Using the same example above, our `tsv` data will be in the form of:

```
name	location	age	quote
John	United Kingdom	42	i love the united kingdom
Mary	United States	36	i want more telescopes
```

That is, on each row the elements are separated by tabs and we have one example by row. The first row is usually a header (i.e. the name of each of the columns), but your data could have no header.

You cannot have lists within `tsv` or `csv` data.

The way the fields are defined is a bit different to `json`. We now use a list of tuples, where the elements are tuples are the same as before, i.e. first element is the batch object's attribute name, second element is the `Field` name. Unlike the `json` formatted data, 

Unlike the `json` data, the tuples have to be in the same order that they are within the `tsv` data. Due to this, when skipping a column of data a tuple of `None`s needs to be used, if not then our `SAYING` field will be applied to the `age` column of the `tsv` data and the `quote` column will not be used. 
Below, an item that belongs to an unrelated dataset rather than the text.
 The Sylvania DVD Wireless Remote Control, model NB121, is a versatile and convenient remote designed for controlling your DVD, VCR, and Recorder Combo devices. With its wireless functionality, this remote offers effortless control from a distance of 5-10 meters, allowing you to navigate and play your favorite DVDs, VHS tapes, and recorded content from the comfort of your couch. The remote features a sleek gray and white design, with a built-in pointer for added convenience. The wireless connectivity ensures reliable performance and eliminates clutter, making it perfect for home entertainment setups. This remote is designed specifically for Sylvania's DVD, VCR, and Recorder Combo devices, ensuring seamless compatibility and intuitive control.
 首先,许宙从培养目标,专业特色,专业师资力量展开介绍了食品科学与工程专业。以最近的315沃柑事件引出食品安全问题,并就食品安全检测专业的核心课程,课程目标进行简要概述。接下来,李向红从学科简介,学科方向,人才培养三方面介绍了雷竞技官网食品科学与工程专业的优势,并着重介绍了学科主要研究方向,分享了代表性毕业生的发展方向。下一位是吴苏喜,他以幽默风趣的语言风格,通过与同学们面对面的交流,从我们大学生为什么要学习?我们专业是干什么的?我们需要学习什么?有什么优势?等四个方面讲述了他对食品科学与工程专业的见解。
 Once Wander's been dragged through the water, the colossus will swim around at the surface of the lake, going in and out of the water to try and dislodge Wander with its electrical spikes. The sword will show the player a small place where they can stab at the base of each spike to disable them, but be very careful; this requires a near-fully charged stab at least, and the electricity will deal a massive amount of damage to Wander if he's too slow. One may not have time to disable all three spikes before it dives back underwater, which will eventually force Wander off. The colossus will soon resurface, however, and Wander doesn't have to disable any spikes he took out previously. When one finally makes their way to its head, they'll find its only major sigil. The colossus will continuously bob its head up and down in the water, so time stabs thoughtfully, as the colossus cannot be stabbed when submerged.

However, if you only wanted to use the `name` and `age` column, you could just use two tuples as they are the first two columns.
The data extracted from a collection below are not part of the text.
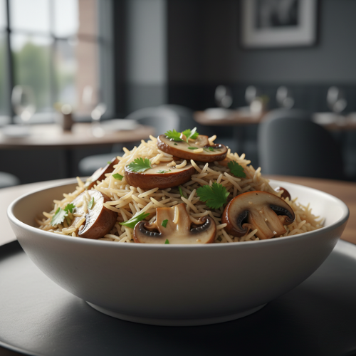 Rice cooked with fresh mushrooms. Light and aromatic.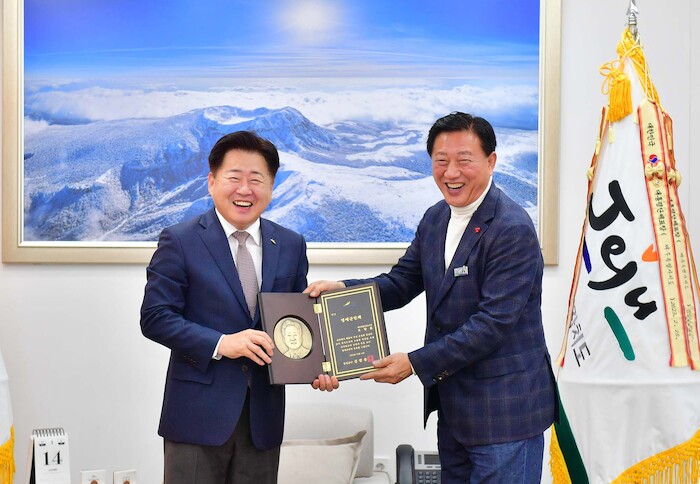 [세계로컬타임즈 이남규 기자] 장성군은 지난 14일 제주특별자치도청에서 오영훈 도지사에게 ‘명예 군민패’를 전달했다.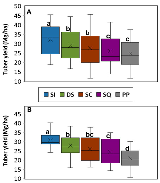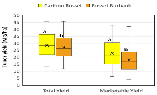 | Total Tuber Yield (Mg/ha) | Marketable Yield (Mg/ha) | |||||||

We change our `TabularDataset` to read the correct `.tsv` files, and change the `format` argument to `'tsv'`.

If your data has a header, which ours does, it must be skipped by passing `skip_header = True`. If not, TorchText will think the header is an example. By default, `skip_header` will be `False`.

In [116]:
fields = [('n', NAME), ('p', PLACE), (None, None), ('s', SAYING)]

In [117]:
train, valid, test = data.TabularDataset.splits(
                path = 'data',
                train = 'train.tsv',
                validation = 'valid.tsv',
                test = 'test.tsv',
                format = 'tsv',
                fields = fields,
                skip_header = True
)

In [118]:
print('vars(train[0]):', vars(train[0]))

vars(train[0]): {'n': ['John'], 'p': ['United', 'Kingdom'], 's': ['i', 'love', 'the', 'united', 'kingdom']}


Finally, we'll cover `csv` files. 

This is pretty much the exact same as the `tsv` files, expect with the `format` argument set to `'csv'`.

In [123]:
fields = [('n', NAME), ('p', PLACE), (None, None), ('s', SAYING)]

In [124]:
train, valid, test = data.TabularDataset.splits(
                path = 'data',
                train = 'train.csv',
                validation = 'valid.csv',
                test = 'test.csv',
                format = 'csv',
                fields = fields,
                skip_header = True
)

In [125]:
print('vars(train[0]):', vars(train[0]))

vars(train[0]): {'n': ['John'], 'p': ['United', 'Kingdom'], 's': ['i', 'love', 'the']}


## Why JSON over CSV/TSV?

1. Your `csv` or `tsv` data cannot be lists. This means data cannot be tokenized during the pre-processing step, which means everytime you run your Python script that reads this data via TorchText, it has to be tokenized. Using advanced tokenizers, such as the `spaCy` tokenizer takes a non-negligible amount of time, especially if you are running your script multiple times. Thus, it is better to tokenize your data from a string into a list and use the `json` format.

2. If tabs appear in your `tsv` data, or commas appear in your `csv` data, TorchText will think they are delimiters between columns. This will cause your data to be parsed incorrectly, and worst of all TorchText will not alert you to this as it cannot tell the difference between a tab/comma in a field and a tab/comma as a delimiter. As `json` data is essential a dictionary, you access the data within the fields via its key, so do not have to worry about surprise delimiters.